The Los Angeles City Council will consider a proposal today to allow massive electronic signs along the 10 and 110 freeways next to the Los Angeles Convention Center. The proposal by Anschutz Entertainment Group reportedly calls for 50,000 square feet of advertising signs.

Last week, the Trade, Commerce, and Tourism Committee – a city committee that oversees the LA Convention Center – approved the agreement to sell the city’s signage rights to AEG, owners of Staples Center. The agreement would give AEG exclusive rights to build electronic displays, message boards and standard, static signs.

The City Council has the final say.

Councilmember Janice Hahn, who chairs the committee, told the Los Angeles Times that the deal was a “creative” way to raise revenue for the city, at least $2 million a year over the next decade.
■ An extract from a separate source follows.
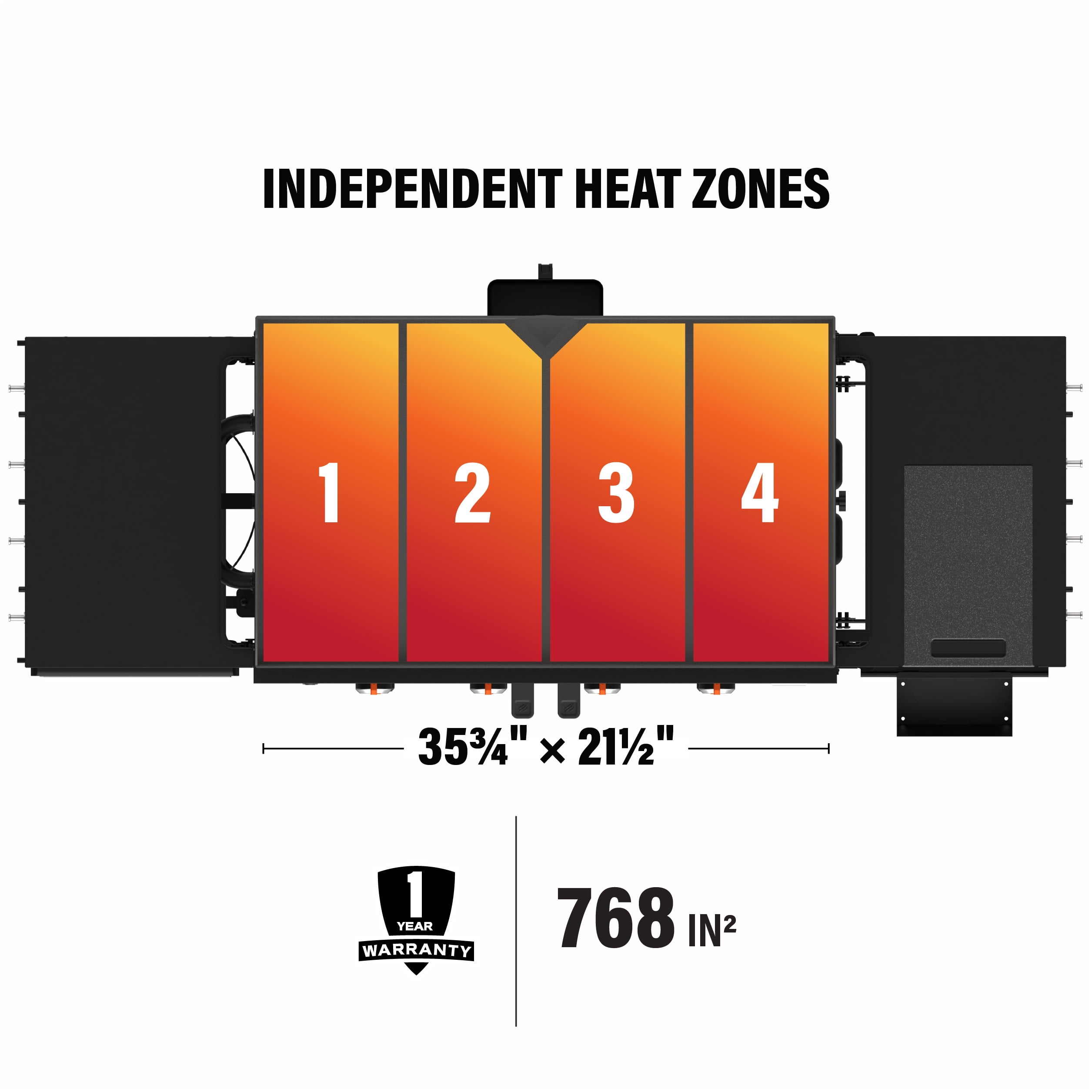 Blackstone Original 4-Burner 36″ Propane Omnivore Griddle with Hood and Folding Side Shelves The Omnivore Griddle Plate is tested to heat more evenly across the griddle top, have better thermal shock stability, and use less fuel to maintain high heat Integrated ‘X’ brace hood is designed to increase rigidity in hood and protect griddle surface between uses 768 square inches of cooking space with 4 independently controlled burners Dual folding side shelves and a side shelf cutting board make meal prep more convenient Magnetic tool bar and side shelf tool hooks help keep cooking utensils close at hand Includes a bottle opener and paper towel holder 38,000 BTUs – The Omni griddle plate requires fewer BTUs to maintain optimal cooking temperatures, using less propane per cook 1-year limited warranty Customer Service: +1 (435) 252-3030 Ext. 1 Model #2420

Councilwoman Jan Perry, who successfully spearheaded an effort in the spring to allow two 76-foot-tall monster-size double-faced billboards next to the 10 Freeway, told the Times that the wall of digital signs wouldn’t affect residential neighborhoods, and the area surrounding the convention center and Staples Center already is designated as a sports and entertainment zone.
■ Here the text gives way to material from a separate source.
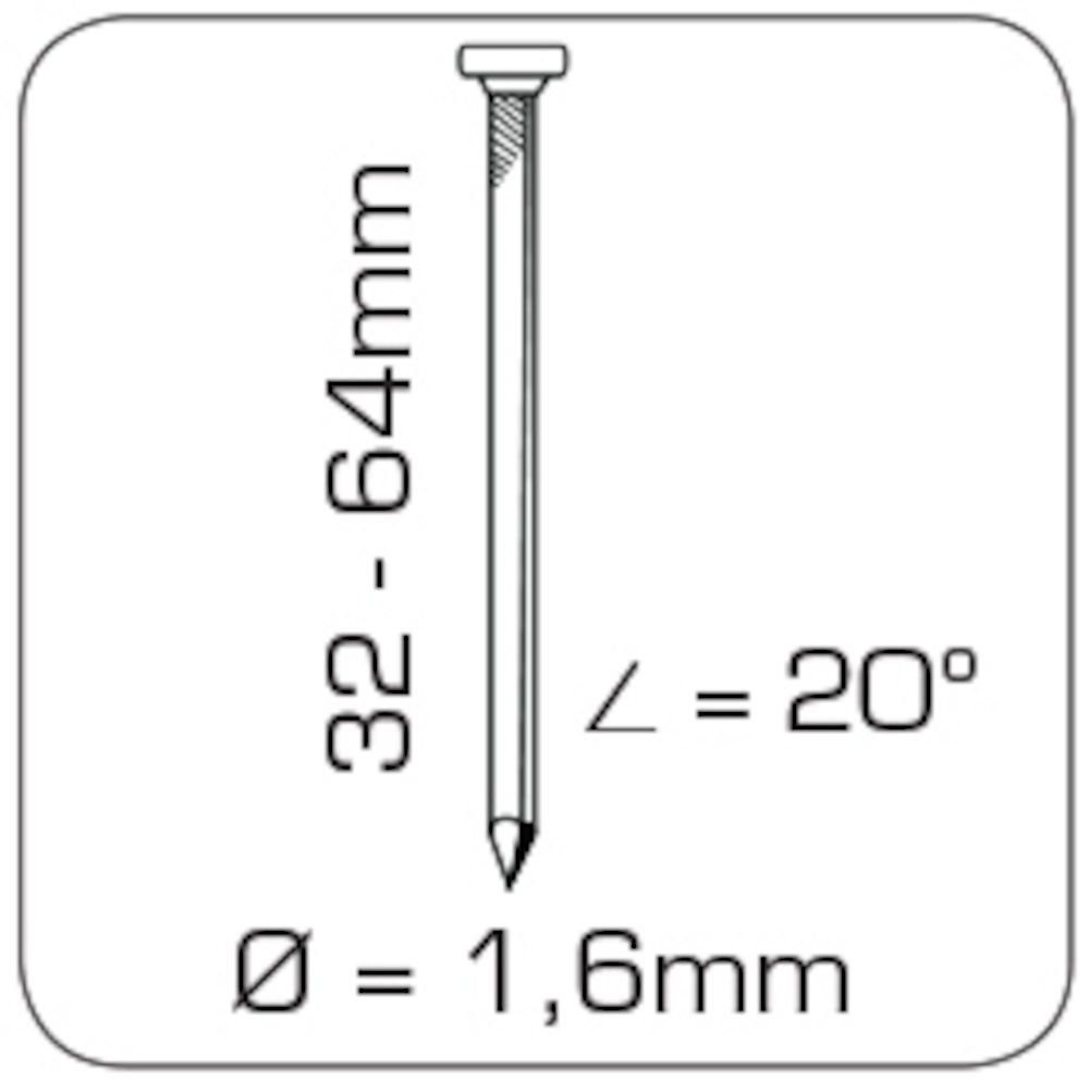 Impulse Stiftnagler für 20° magazinierte F16 Stauchkopfnägel von 32 bis 64 mm

The council vote comes a day after the City’s Planning and Land Use Management (PLUM) Committee passed a motion that would address and fix the colossal problems that have been raised in court cases challenging the city's sign ordinance.

The motion, introduced by city councilmember Jack Weiss on July 29, calls for the city's planning department, Department of Building and Safety and City Attorney Rocky Delgadillo's office to revise and toughen the 2002 ban on billboards. The motion is set to go to city council in the next few months.

The Coalition to Ban Billboard Blight’s Dennis Hathaway says that while the billboard sign ordinance is being rewritten the city council “ shouldn’t make any discretionary approval of new signs or sign districts.”

“Hahn’s push for digital signs on the convention center could well give the litigious outdoor advertising industry more ammunition for their legal claims,” says Hathaway. “If logic were to prevail, the city would immediately declare a moratorium on any discretionary approvals of signage and special sign districts until the revised ordinance is in place.”